Globally, there has been a very small number of reports of new-onset or aggravation of pre-existing myasthenia gravis with atorvastatin, pravastatin, lovastatin, fluvastatin, simvastatin, rosuvastatin and pitavastatin (single-ingredient and fixed-dose combination products) (1)

  • patients who are taking statins should be advised to be alert to new symptoms for myasthenia gravis, or worsening symptoms of pre-existing myasthenia gravis, and to seek medical advice if these occur (1)

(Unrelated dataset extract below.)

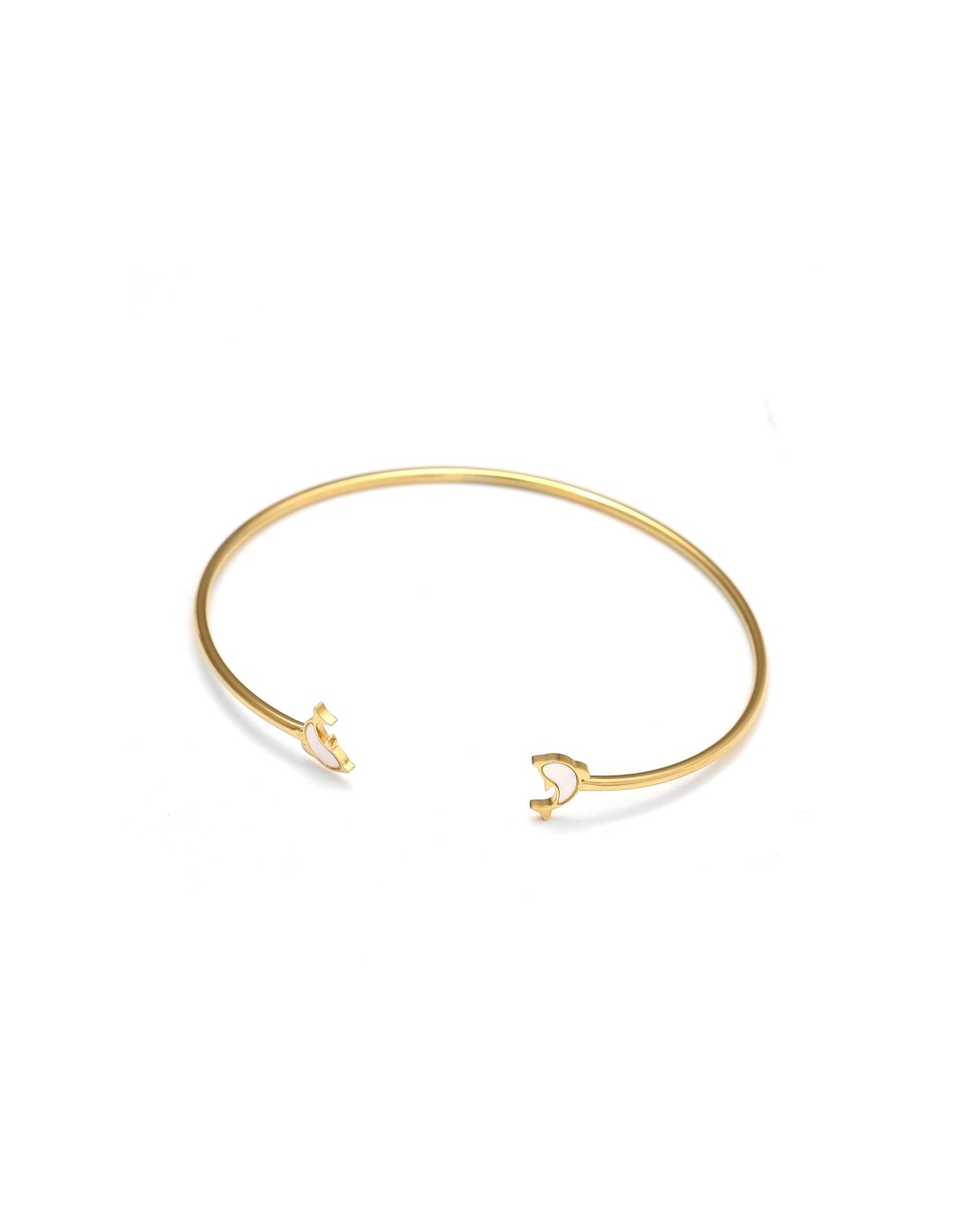 Pulsera rígida dorada con delfín elaborado en nácar blanco, diseño elegante.

Advice for healthcare professionals (1):

  • there have been some suspected reports of new-onset or aggravation of pre-existing myasthenia gravis or ocular myasthenia associated with statin use; the current frequency of these adverse events is not known but given the extensive use of statins in the population, the reports are understood to be very infrequent

  • the majority of UK reports note that the patient recovered after stopping statin treatment, while a minority continued to experience symptoms; recurrence of symptoms has been reported when patients restarted on the same or a different statin

  • refer patients presenting with suspected new-onset myasthenia gravis after starting statin therapy to a neurology specialist – it could be necessary to discontinue statin treatment depending on the assessment of the individual benefits and risks

  • advise patients with pre-existing myasthenia gravis to be alert to aggravation of symptoms while taking a statin - it could be necessary to discontinue statin treatment depending on the assessment of the individual benefits and risks

  • report suspected adverse drug reactions associated with statins on a Yellow Card

Reference:

  • Drug Safety Update volume 17, issue 2: September 2023: 1.